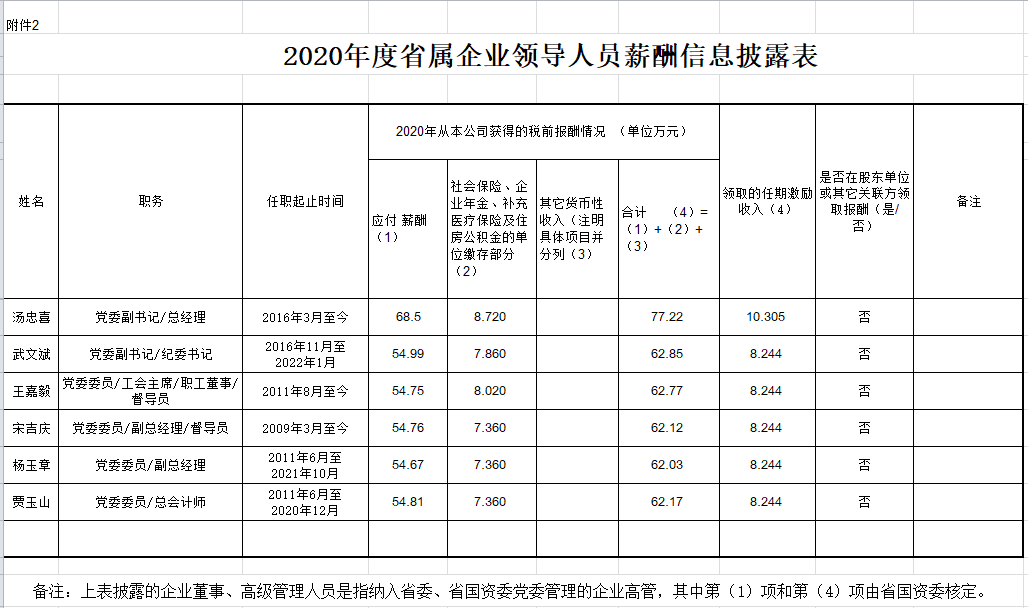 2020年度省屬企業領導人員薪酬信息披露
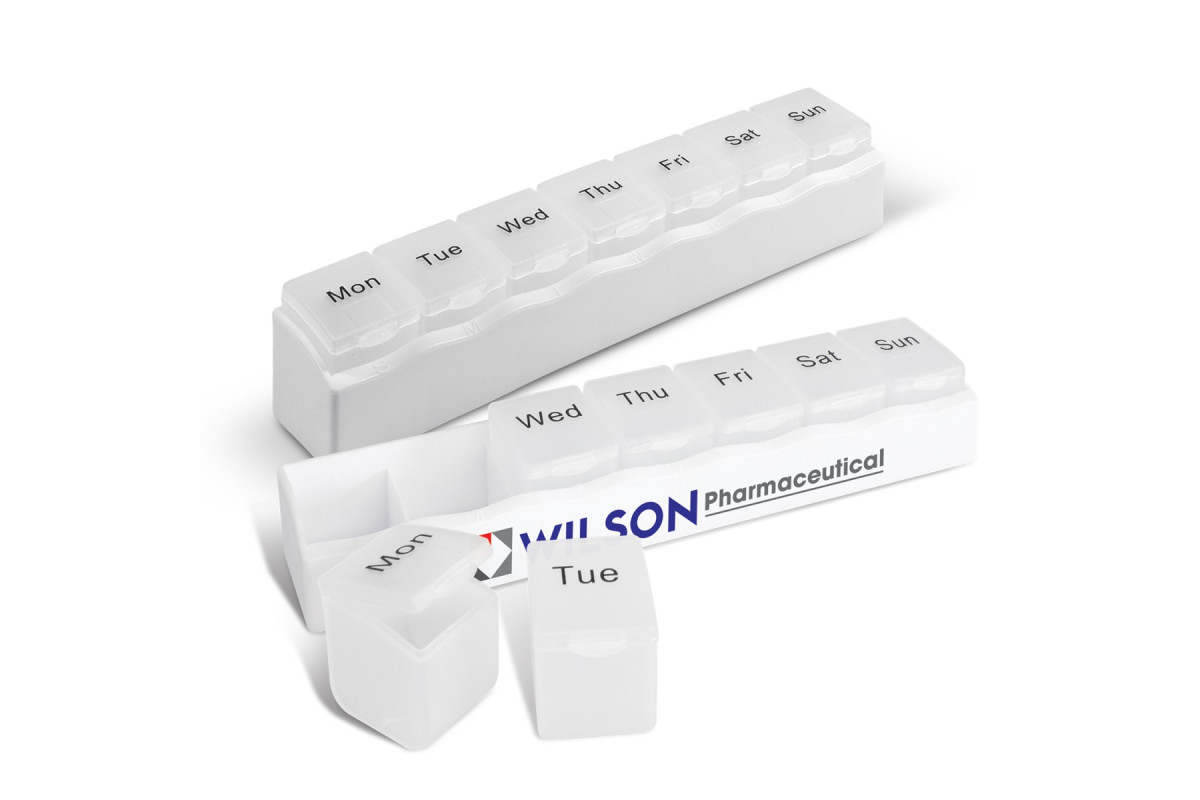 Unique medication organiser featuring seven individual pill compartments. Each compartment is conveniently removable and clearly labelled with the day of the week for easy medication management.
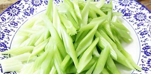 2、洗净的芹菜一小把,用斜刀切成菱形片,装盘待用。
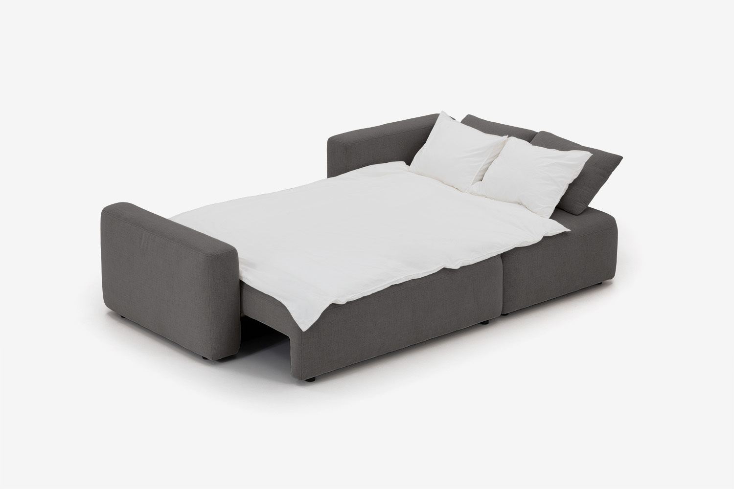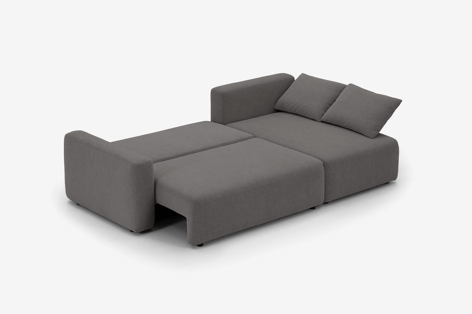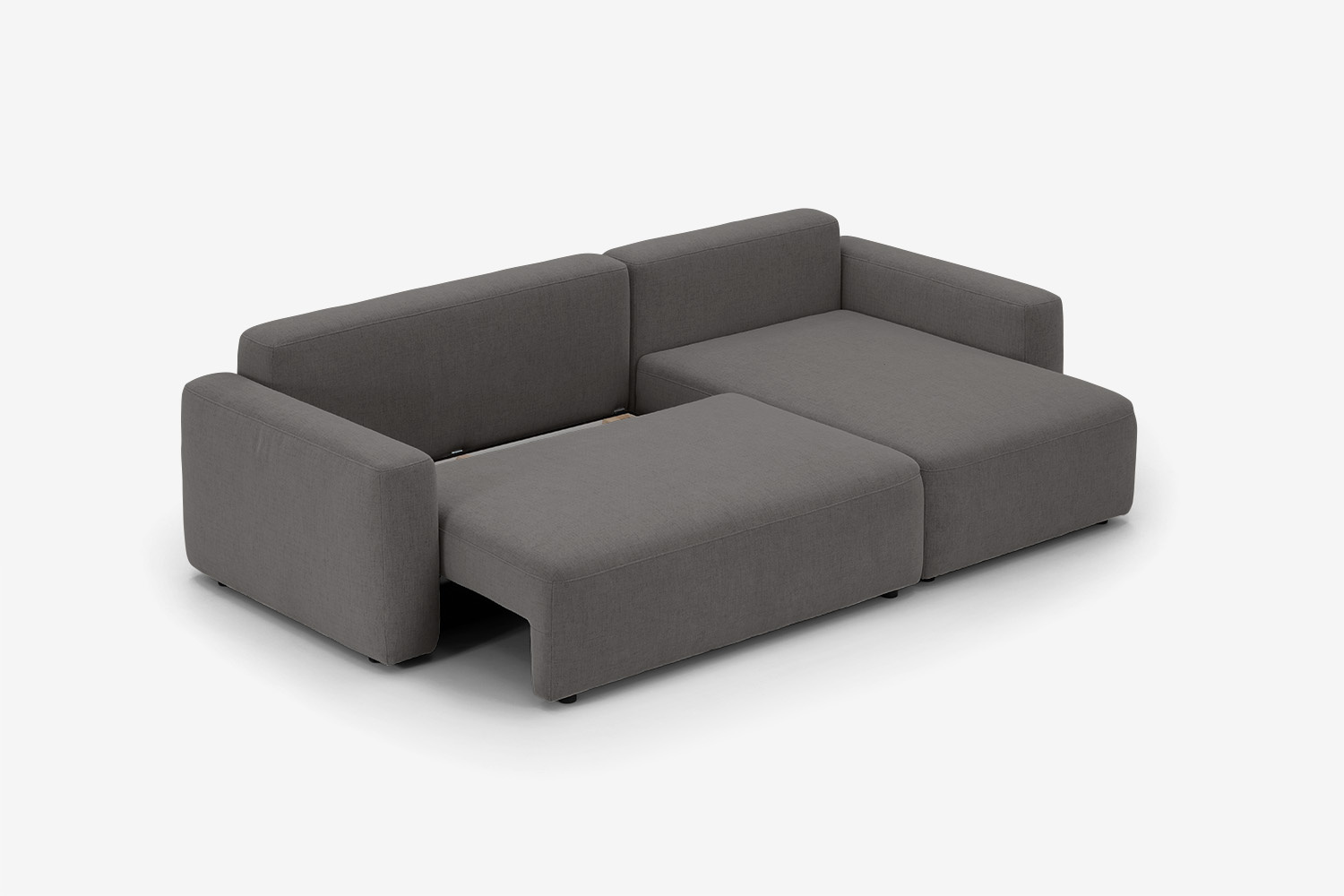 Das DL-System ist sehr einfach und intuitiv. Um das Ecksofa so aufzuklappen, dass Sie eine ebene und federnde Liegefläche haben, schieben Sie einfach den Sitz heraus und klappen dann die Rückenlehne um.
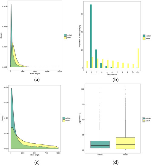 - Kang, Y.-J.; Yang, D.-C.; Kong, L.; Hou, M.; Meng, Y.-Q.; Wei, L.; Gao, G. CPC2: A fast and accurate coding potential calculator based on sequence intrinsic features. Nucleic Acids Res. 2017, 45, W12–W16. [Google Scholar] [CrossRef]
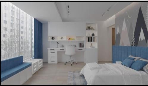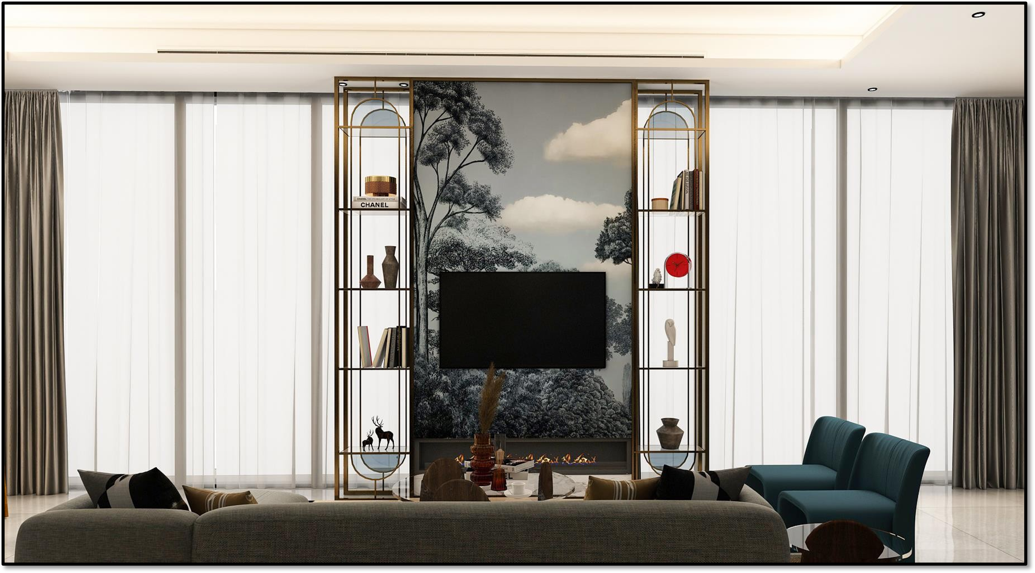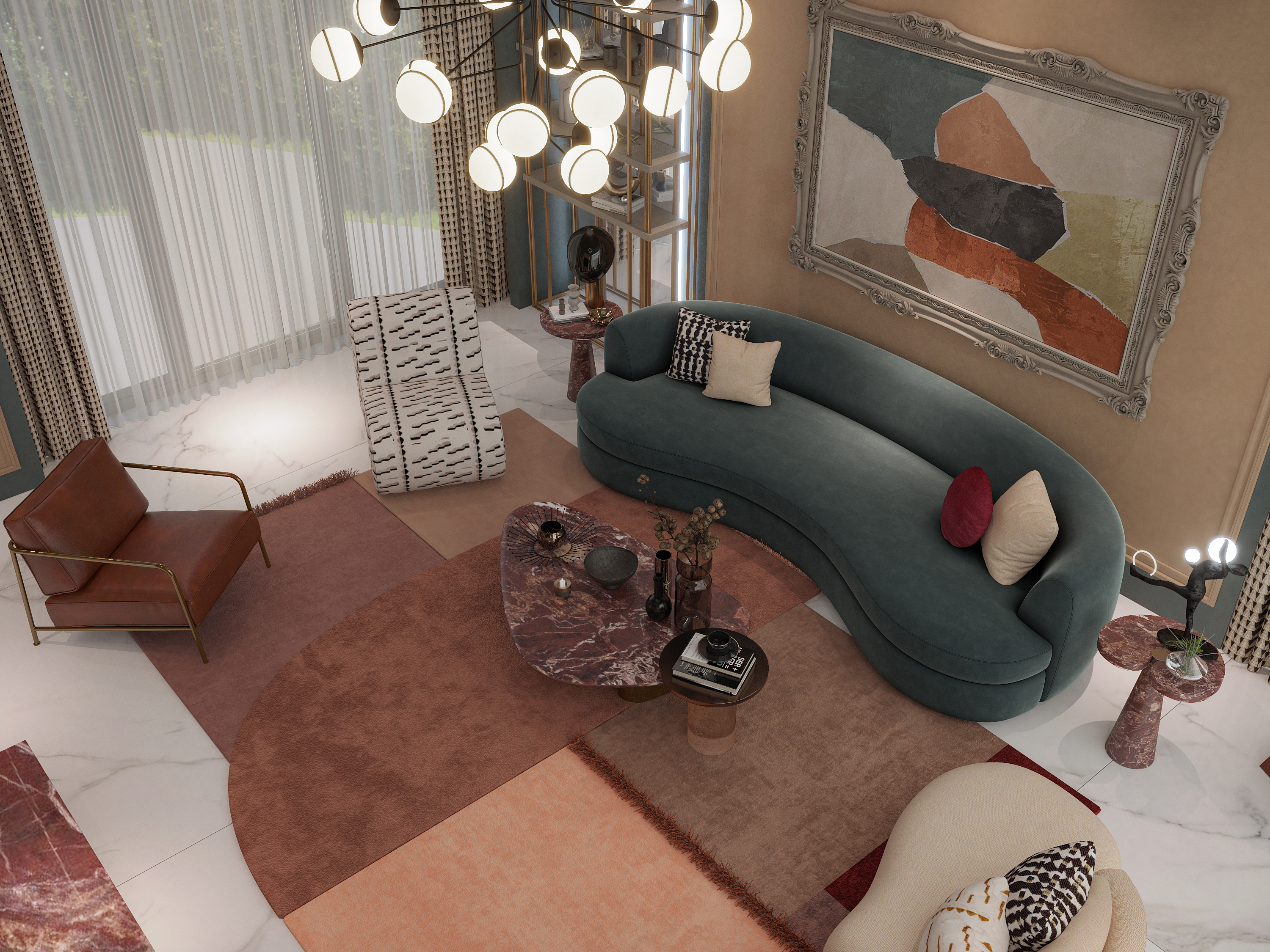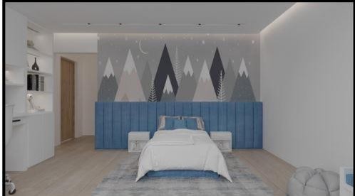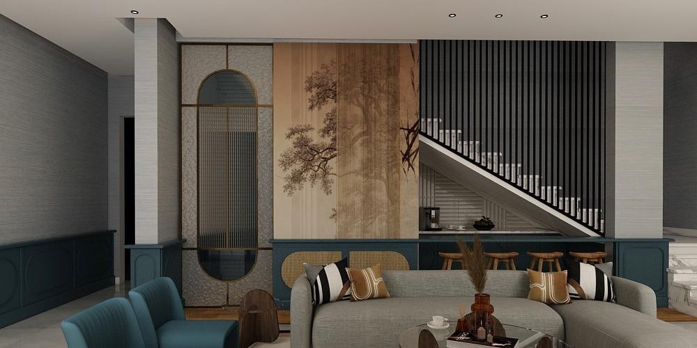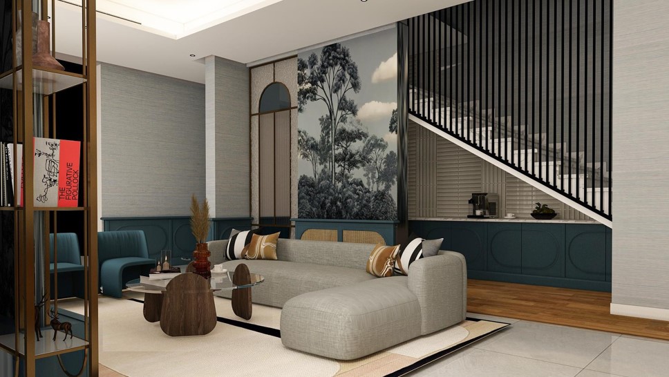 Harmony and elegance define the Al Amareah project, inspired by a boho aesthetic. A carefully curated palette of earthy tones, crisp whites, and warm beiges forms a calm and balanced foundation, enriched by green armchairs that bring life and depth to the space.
------------------------
Work instructions: Please print, exactly as given, the lines running from the beginning of the listing through the line containing "2、洗净的芹菜一小把,用斜刀切成菱形片,装盘待用。", omitting each picture.

Exercise output:
 2020年度省屬企業領導人員薪酬信息披露
 Unique medication organiser featuring seven individual pill compartments. Each compartment is conveniently removable and clearly labelled with the day of the week for easy medication management.
 2、洗净的芹菜一小把,用斜刀切成菱形片,装盘待用。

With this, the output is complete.